The everyday reporting query: count/sum per month.
Count per month
-- PostgreSQL / DuckDB / Snowflake
SELECT DATE_TRUNC('month', created_at) AS month, COUNT(*)
FROM events
GROUP BY 1
ORDER BY 1;
-- BigQuery
SELECT DATE_TRUNC(created_at, MONTH) AS month, COUNT(*)
FROM events
GROUP BY month
ORDER BY month;
-- MySQL (no DATE_TRUNC — bucket with DATE_FORMAT)
SELECT DATE_FORMAT(created_at, '%Y-%m-01') AS month, COUNT(*)
FROM events
GROUP BY month
ORDER BY month;
-- SQLite
SELECT strftime('%Y-%m', created_at) AS month, COUNT(*)
FROM events
GROUP BY month
ORDER BY month;
Per week instead
SELECT DATE_TRUNC('week', created_at) AS week, COUNT(*) ... -- Postgres / DuckDB / Snowflake
SELECT DATE_TRUNC(created_at, WEEK(MONDAY)) AS week ... -- BigQuery
SELECT strftime('%Y-%W', created_at) AS week ... -- SQLite (approx)

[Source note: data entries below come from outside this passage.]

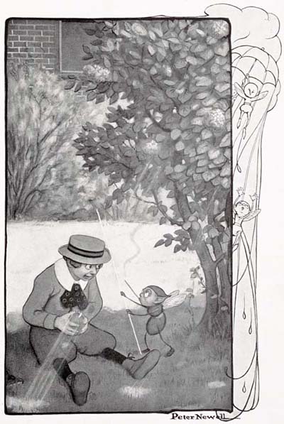 He struggled and twisted in his efforts to escape, but Nimbus held him fast, and Jack Frost kept him small by the clutch of his icy fingers.
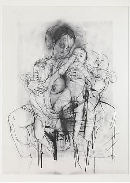Carmen Delaco painted ‘The Five Children’ with what looks like oil on canvas, but there's no date on it. She's dealing with the materiality of oil, pushing it around, letting it drip and stain. I like the way the paint is thin, almost translucent in places, and then thick and clotted in others. Look at the way the eyes of the children are blank, almost empty, whilst the redness of the skin is built up through multiple layers of paint. I think there is something about the tension between the representation of the body and the paint itself that is deeply compelling. It reminds me of Marlene Dumas’ earlier works, where she used thin washes of paint to create a sense of fragility and vulnerability. Like Dumas, Delaco is interested in how we can use paint to explore difficult and painful subjects. Art doesn’t have to be pretty, it can be messy and raw and still be beautiful.
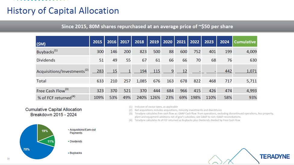 The company continued share repurchases under a $2 billion program announced in January 2023, buying back $199.4 million in 2024 at an average price of $114.63 (Vs $400.5 million in 2023 at $102.50). Meanwhile, it plans to repurchase $400 million in 2025. Teradyne also pays a $0.12 quarterly dividend, yielding 0.69%. Through 2015 to 2024, 93% of free cash flow was returned to shareholders. Notably, share repurchases totaling $4.0 billion over this period resulted in a one-third reduction in shares outstanding; an aggressive capital return strategy often seen in so-called "capital cannibals".

Gotchas: GROUP BY 1 (group by the first select item) works in Postgres, DuckDB, Snowflake and
BigQuery but not MySQL/SQLite in all modes — repeat the expression or use its alias there.
Truncating with DATE_TRUNC keeps a real date (sortable, joinable to a calendar); DATE_FORMAT/
strftime give a text label that sorts correctly only in YYYY-MM form. For zero-filled months,
left-join this against a generated date series (see that recipe).